Before he was Old Hickory, before he was the Hero of New Orleans, before he reshaped the American presidency, Andrew Jackson was a young frontier lawyer riding the circuit through East Tennessee. Born in the Carolina borderlands in 1767, Jackson moved to the western frontier as a young man, practicing law in the new settlements that were rapidly filling the trans-Appalachian territory.

Jackson traveled the Great Stage Road repeatedly in the late 18th century, the very years when William Blount was organizing the Southwest Territory from Rocky Mount. The frontier world Jackson moved through — rough, ambitious, violent, and full of possibility — was the same world that Sullivan County was building. The Deery Inn in Blountville was a natural stopping point on the road that connected the eastern courts to the western settlements.

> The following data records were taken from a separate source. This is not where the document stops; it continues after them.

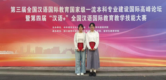 2023级汉语国际教育专业学生赵吉莉获得本科组二等奖、2025级国际中文教育硕士研究生王丽丽获得研究生组三等奖,两位指导老师张莹、张彤彤荣获“优秀指导教师奖”。
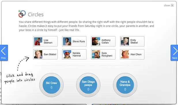 Basada en la existencia de diferentes tipos de relaciones con las personas que integran nuestro círculo social, la red de Google, cuyo nombre se pronuncia Google Plus, introduce los denominados +Circles, o círculos en torno a los que agrupar a las personas en función del tipo de relaciones que mantenemos con ellos. De esta forma la compañía quiere facilitar a los usuarios el tipo de interacción deseado con cada grupo de amigos: familiares, antiguos compañeros, conocidos o colegas de trabajo.
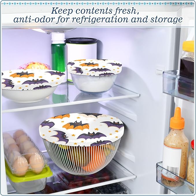 5 Pcs Bowl Covers Reusable in 5 Size Elastic Food Cover Cloth Lids Fresh Keeping Dish Cookware Bakeware Fabric Covers Lids for Food Leftovers Fruits Storage White Halloween Bats and Stars
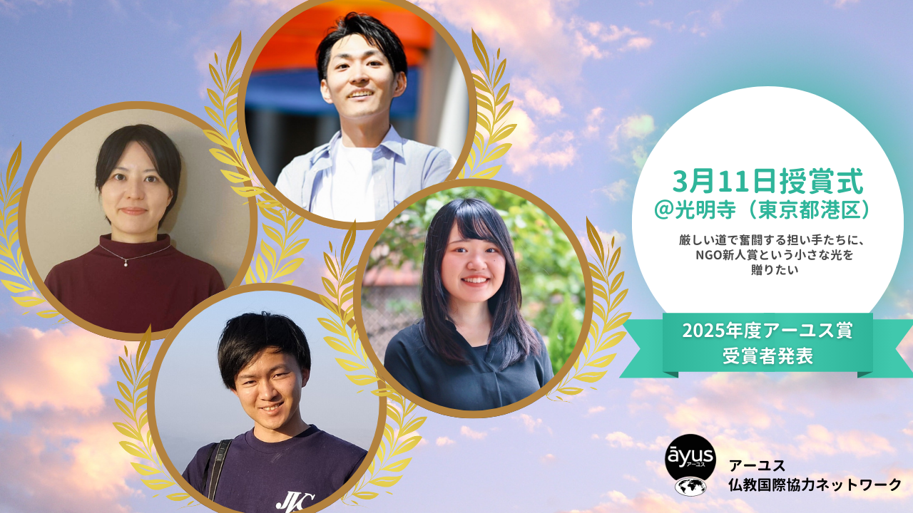 今年もアーユス賞の受賞者が決定しました。皆さまにご協力をいただいた2025年度のクラウドファンディングのおかげをもちまして、今年のアーユスNGO新人賞は、多くの推薦・応募をいただいたなかから4名の方に授与できることとなりました。
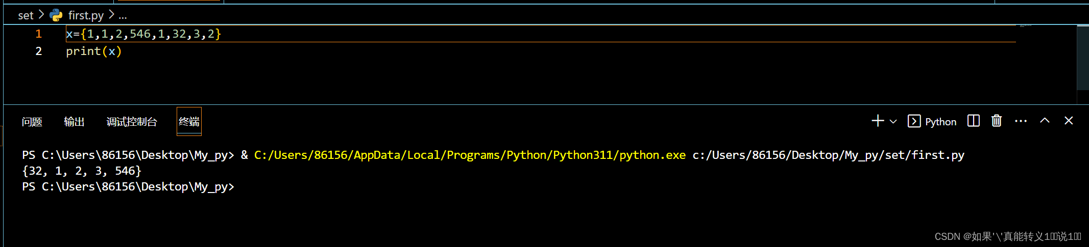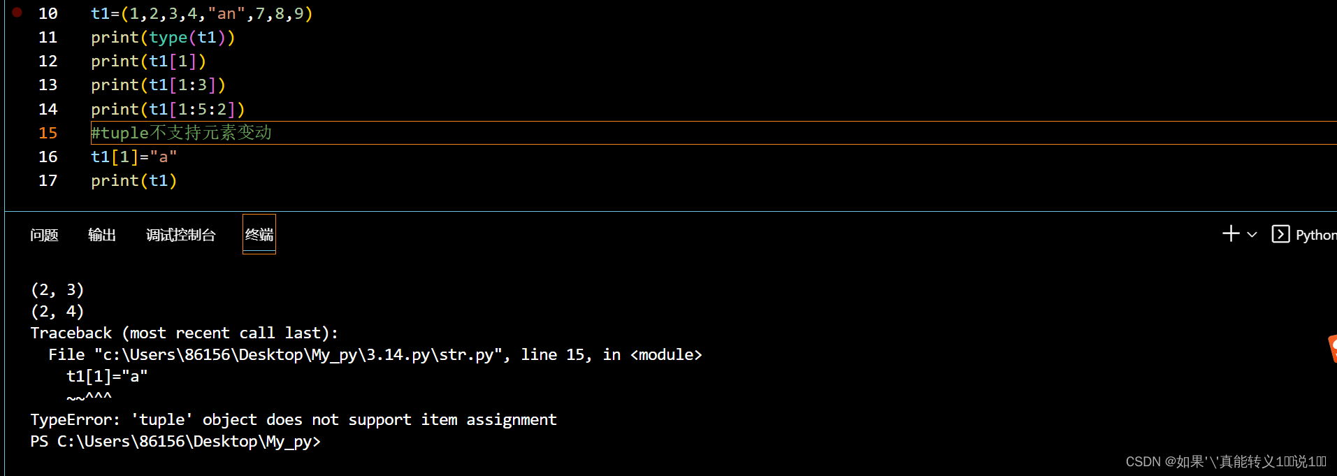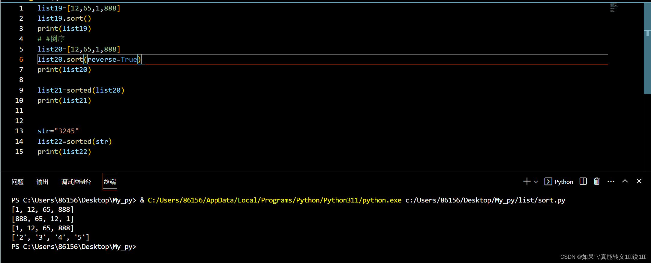 前言Python的介绍:1)语言的发展:2)特点:缺点: 在VScode 配置:安装Vscode:在cmd中检测Python的存在代码简单写一个: Python的用处:首先创建一个==后缀带有.py的文件==。输入代码: 第一节:基本了解:Python的输入与输出input()函数输入【获取用户输入的字符串】例子: print()函数输出Python缓冲 Python缩进规则:*Python3关键字(35个)**Python变量*<1>注意Python 是弱类型的语言 <2>命名规则:注意: (1)匈牙利命名法:(2)驼峰命名法:【1】大驼峰命名法:【2】小驼峰命名法 (3) Guido推荐在Python中使用的(4)==注意事项==:应避免使用以下划线开头的标识符。 <3>多个变量的赋值 *Python常量**Python注释*取消print的自动换行 *运算符*<1>Python算术运算符<2>Python比较运算符<3>Python赋值运算符<4>Python位运算【二进制】<5>Python逻辑运算符【布尔】<6>Python三目运算符‘%’格式化输出指定最小输出宽度:精度%m.nf *第二节:Python的数据类型;一、数字类型(Number):<1>【==数字类型的判断==】<2>【整数 int】[进制] <3>【浮点数 float】[书写形式][精度问题] <4>【布尔类型 bool】<5>【复数 a + bj / complex(a,b)】<6>==(数据类型转换)==: math库概述【引用】(1)【法一】利用保留字import引用库:(2)【法二】from math import (函数名):(3)好用的方法:from math(模块名称) import * 【表示导入这个库里面很多方法】 【常数----五个函数常数】 二、序列类型序列索引支持的函数:Pow 和** 的区别: 一、字符串类型-->(复合数据类型、序列类型):<1>len<2>字符串运算符(1)凭借'+' 连接两个字符串(2)凭借 '*' 多次输出某一字符串(3)凭借 方括号 '[ ]' 索引获取字符串中的字符通过索引访问字符串特定位置 S[i] (4)凭借 ' [ : ] ' 截取字符串中的一部分 【变量[头下标:尾下标]】(1)普通的片段切割(2)隔点切割 (5)int 与 not in(6) r/R--原始字符串:(7)string.format()---> 字符串类型的格式化(8)其他 <3>转义字符<4> Python中的>--str字符串--<内置方法(1)字符串大小写转换:(2)字符串搜索、替换(3)字符串分割、组合(4)字符串测试【判断字符串Str中是否含有该字符】 <5>Python三引号 二、list列表 -->(复合数据类型、序列类型):(1)什么是list列表(2)建一个list(3)访问列表中的值:(4)更新列表list里面的值(5)list列表方法:【1】list.append()--->列表末尾添加某元素对象- 方法原型参数 【2】list.clear () --->用于清空列表,类似于 del list[:]方法原型:删除所有元素 【3】list.copy() --->复制列表,类似于 a[:]。方法原型:返回值 【4】list.insert() --->指定对象插入列表的指定位置方法原型: 【5】list.pop () ---> 用于移除列表中的一个元素(默认最后一个元素),并且返回该元素的值。方法原型:运用 【6】list.remove ()--->用于移除列表中某个值的第一个匹配项。(1)方法原型(2)==区别于pop方法==的是:(3)还能当做检查元素在不在 同与in、not in 【7】list.reverse ()--->反向列表中元素方法原型:同样起到翻转作用的是:list4 [ : :-1] 【8】list.count()--->统计个数方法原型: 【9】list.extend ()--->在列表末尾一次性追加另一个序列中的多个值方法原型: 【10】排序--List.sort (6)列表转换成字符串【1】join方法【2】for循环一个一个的转换然后加 (7)翻转字符串单词:讲个特殊的 三、tuple元组-->(复合数据类型、序列类型):(1)什么是tuple元组<1>*特别的是*<2> 创建空元组<3> 索引依旧 (2)元组和列表的区别:(3) 可以用切片解出来,但不能换元素(4)元组可用函数:特别的: (5)元组和列表区别: 四、set集合 ---> 复合数据类型、无序组合<1>.内置方法:(1)set.add(x) ---> 如果x不存在set中,那就添加进去(2)set.clear( )移除set中所有元素:(3)set.copy( )--->拷贝一个集合(4)set.pop()--->随机移除一个元素(5) set.discard (x)--->如果x在集合 Set中,移除该元素;如果x不在,不报错(6)set.remove ()--->如果x在集合S中,移除指定元素;不在产生 KeyError异常(7)set.isdisjoint ( )--->判断两个集合是否包含相同的元素,如果没有返回 True,否则返回 False。(8)常用的len ,in/not in <2>.set.操作符and内置方法使用 --->表示同种能力的办法:【1】【用于返回除去两个或更多集合中都共有的元素,即差集 ( - )。】《1》Set-T或 Set.difference(T) ---->==返回一个新集合==,包括在集合 Set 中不在集合T中的元素(1)Set.difference(T)方法原型:(2)返回值(3)代码演示: 《2》Set-=T或Set.difference_update(T) --->==更新集合Set==,包括在集合S中不在集合T中的元素(1)Set.difference_update(T)方法原型:(2)返回值:(3)代码演示:(4)对比difference 和 difference_update(T) 【2】【用于返回两个或更多集合中都包含的元素,即交集( & )。】《1》Set &T 或Set.intersection(T) --->==返回一个新集合==,包括同时在集合 S 和T中元素。(1)方法原型:(2)返回值:(3)代码演示 《2》Set&=T或Set.intersection update(T) --->==更新集合S==,括同时在Set和T中元素(1)方法原型:(2)返回值: 【3】【返回两个集合中不重复的元素集合,即会移除两个集合中都存在的元素,即补集 ( ^ )】《1》Set^T或Set.symmetric_difference(T ) --->移除两个集合中都存在的元素。(1)方法原型(2)返回值(3)特殊的set_x ^ set_y 《2》Set=^T或Set.symmetric_difference_updat(T)---->更新集合S,包括集合ST中元素,但不括同时在其中的元素(1)方法原型:(2)注意(3)代码举例: 【4】【一个新集合,包括集合Set和T中所有元素。即并集( | )】《1》S|T或S.union(T) --->集合Set和T中所有元素(1)方法原型:(2)返回值(3)代码: 《2》Set=|T或Set.update(T)--->更新合Set,括Set和T中所以元素[给集合添加元素](1)方法原型:(2)返回

Jackson would go on to become the seventh President, but the man who slept at the Deery Inn was not yet a president. He was a frontier lawyer, a product of exactly the kind of place Sullivan County was: raw, new, and convinced that the future belonged to the West.

James K. Polk

James Knox Polk, the eleventh President, was born in Mecklenburg County, North Carolina, in 1795 — just one year before Tennessee achieved statehood. His family moved to Tennessee when he was eleven, and Polk grew up in the young state that Sullivan County had helped create.

Polk's political career took him along the Great Stage Road repeatedly. As a Tennessee congressman, governor, and ultimately president, he traveled the road that connected Tennessee's political centers. The Deery Inn in Blountville, positioned on the state's primary east-west corridor, was among his stops.

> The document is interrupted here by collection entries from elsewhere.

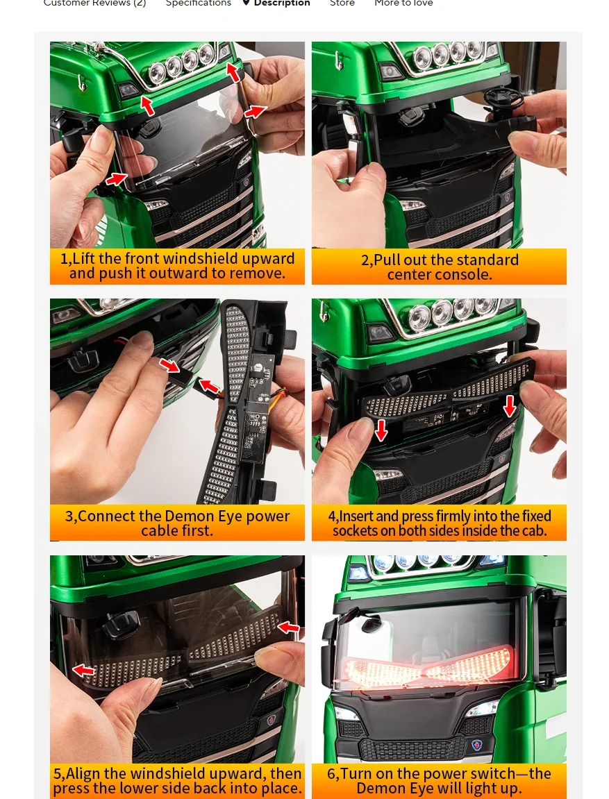 Accesorios para camión RC 1501, luz Demon Eye, tractor de control remoto, piezas de actualización para modelo de camión de control remoto 770S, juguete
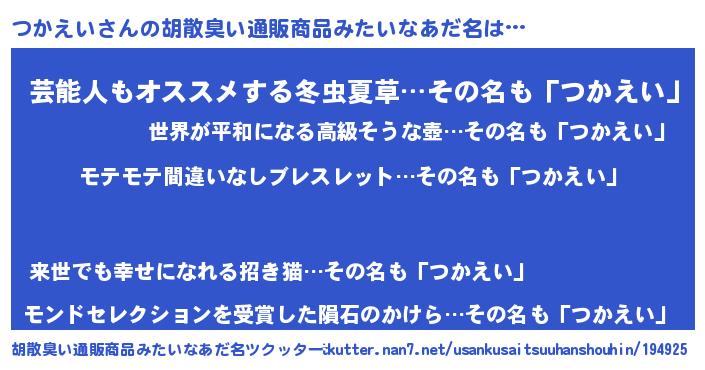 | ヒーロー風カッコイイあだ名 | 『スーパーツカエイ』『最強戦士ツカエイ』 |
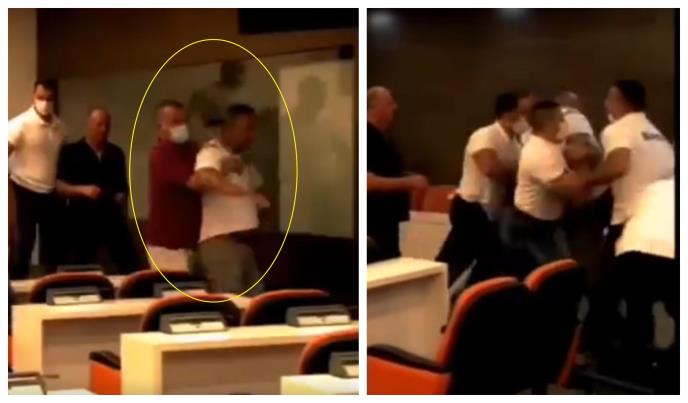 Takođe se čuje kako neko izdaje naređenje da odbornika iznesu iz sale.
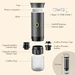 Portable Coffee Maker, Espresso Machine for camping, Travel Coffee Maker with USB-C, 3-in-1 Small Espresso Machine with Ground Coffee & Capsules (NS&DG) for RV, Hiking, Office(Grey)
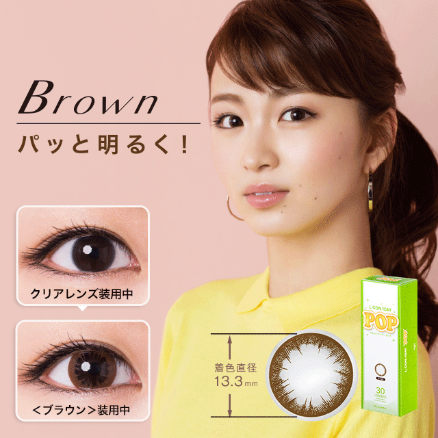 カラコン エルコン ワンデー POP ポップ 1箱30枚入 14.2mm 度あり 度なし フチあり 岡崎紗絵 ショコラ&ブラウン 1DAY L-CON カラー コンタクトレンズ 使い捨て 1日

Polk would become the president who expanded America to the Pacific — annexing Texas, acquiring Oregon, and winning the Mexican-American War. But the road that carried him to those ambitions ran through Sullivan County first.

Andrew Johnson

Andrew Johnson's connection to Sullivan County is perhaps the most direct. Born in Raleigh, North Carolina, in 1808, Johnson moved to Greeneville, Tennessee — just 40 miles from Blountville — as a young man. He set up a tailor shop, married Eliza McCardle, and began the political career that would take him from Greeneville alderman to President of the United States.

Johnson traveled through Sullivan County frequently. Greeneville's proximity to Blountville meant the Old Deery Inn was a familiar waypoint. As a congressman, governor, senator, vice president, and ultimately Lincoln's successor, Johnson's career was geographically rooted in the very landscape where these presidential paths converge.

Johnson is the most complicated of the three — a Unionist from Confederate Tennessee, a president who fought Congress over Reconstruction, the first president to be impeached. But in Sullivan County, he was simply another traveler on the Great Stage Road, stopping at the same inn where Jackson and Polk had rested before him.

The Road That Connected Them

What makes Sullivan County's presidential story remarkable is not just that three presidents passed through — it's that they all used the same infrastructure. The Great Stage Road, the Deery Inn, the Blountville county seat — these were the connective tissue of frontier political life. The road didn't just carry presidents; it carried the commerce, communication, and ambition that produced presidents.

Today, the Old Deery Inn still stands in Blountville, undergoing careful restoration by Sullivan County. The road has been paved and renamed, but the route is the same. And the three presidential stories — the frontier lawyer, the expansionist, and the tailor — still converge at a stagecoach inn in Tennessee's oldest county seat.